Everything from the line with "طبقة خارجية من" to the last line of the listing must be retyped exactly, both ends included, with the pictures dropped.

──────── SUPPLIED MATERIAL

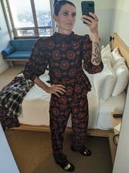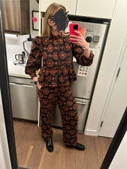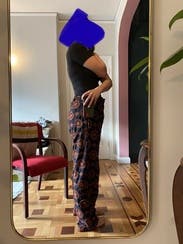 Both the 38 and 36 fit well on my waist/hips/legs, but the 38 had the length that worked best for me and I have an average torso/leg ratio. The outfit is super comfortable and very eye catching. I wore with a thick soles patent oxford, similar to the app model. I have the top on backward in the photo but you get the gist. 😂 Best to use a steamer vs. iron for any wrinkles but they came in pretty good ready to wear shape
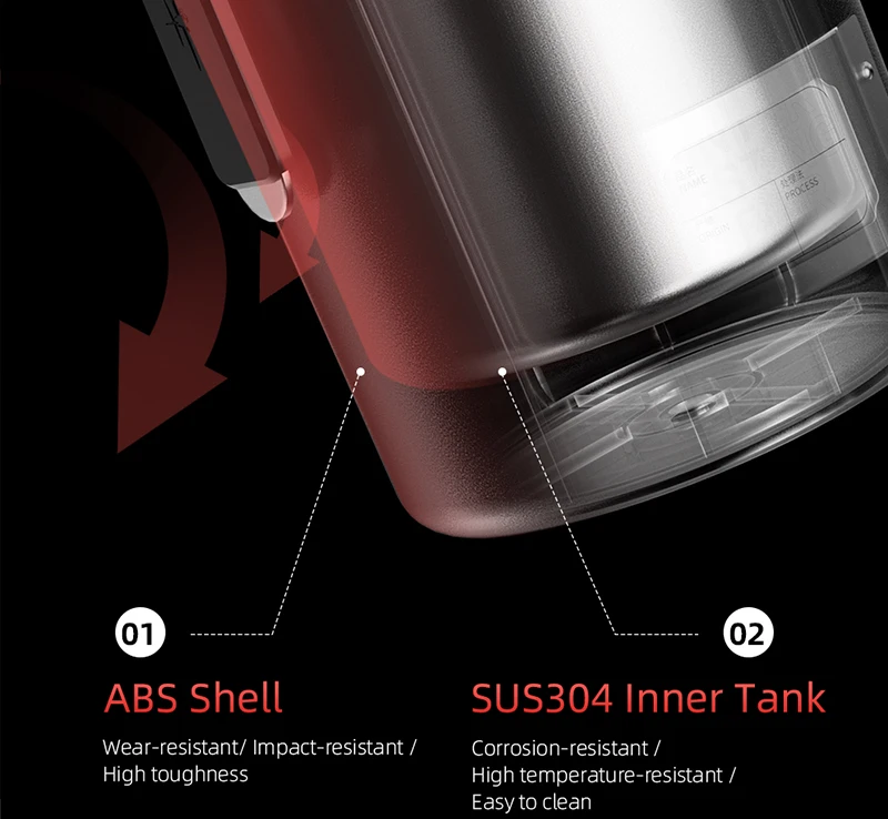 طبقة خارجية من ABS + طبقة داخلية من ستانلس ستيل غذائي
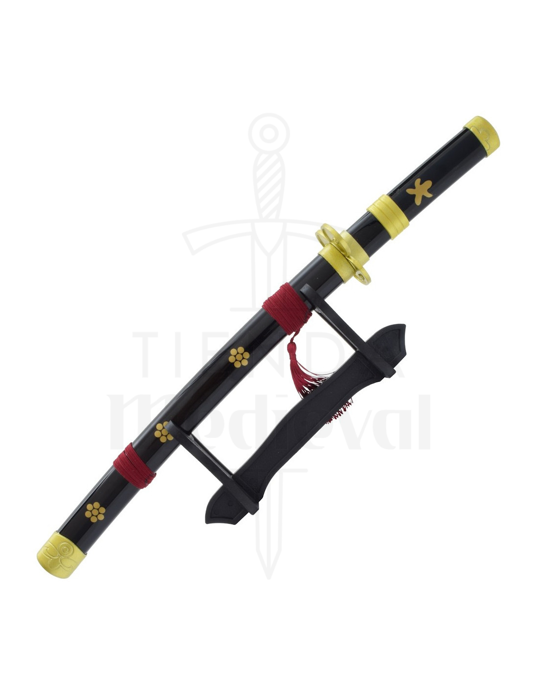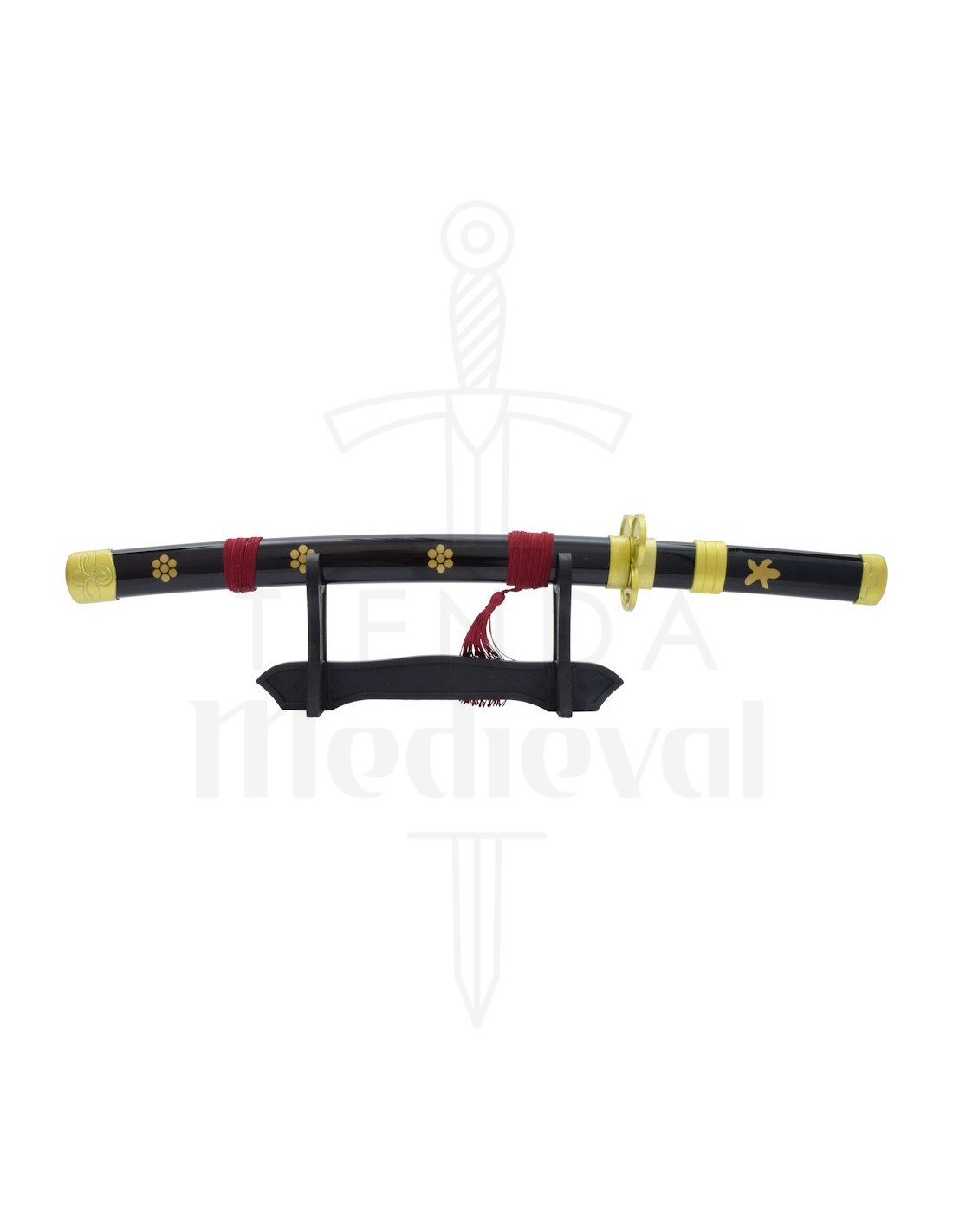 Entdecken Sie Zoros schwarzes Enma-Mini-Katana, inspiriert vom legendären Schwert des tapferen Kriegers aus One Piece. Diese dekorative Nachbildung fängt die Essenz des Animes mit sorgfältig gestalteten Details ein und ist ideal für leidenschaftliche Fans der Serie, die ein Stück von Zoros Abenteuer in ihr eigenes Zuhause bringen möchten.

────────────────

## WRITTEN ANSWER
 طبقة خارجية من ABS + طبقة داخلية من ستانلس ستيل غذائي
 Entdecken Sie Zoros schwarzes Enma-Mini-Katana, inspiriert vom legendären Schwert des tapferen Kriegers aus One Piece. Diese dekorative Nachbildung fängt die Essenz des Animes mit sorgfältig gestalteten Details ein und ist ideal für leidenschaftliche Fans der Serie, die ein Stück von Zoros Abenteuer in ihr eigenes Zuhause bringen möchten.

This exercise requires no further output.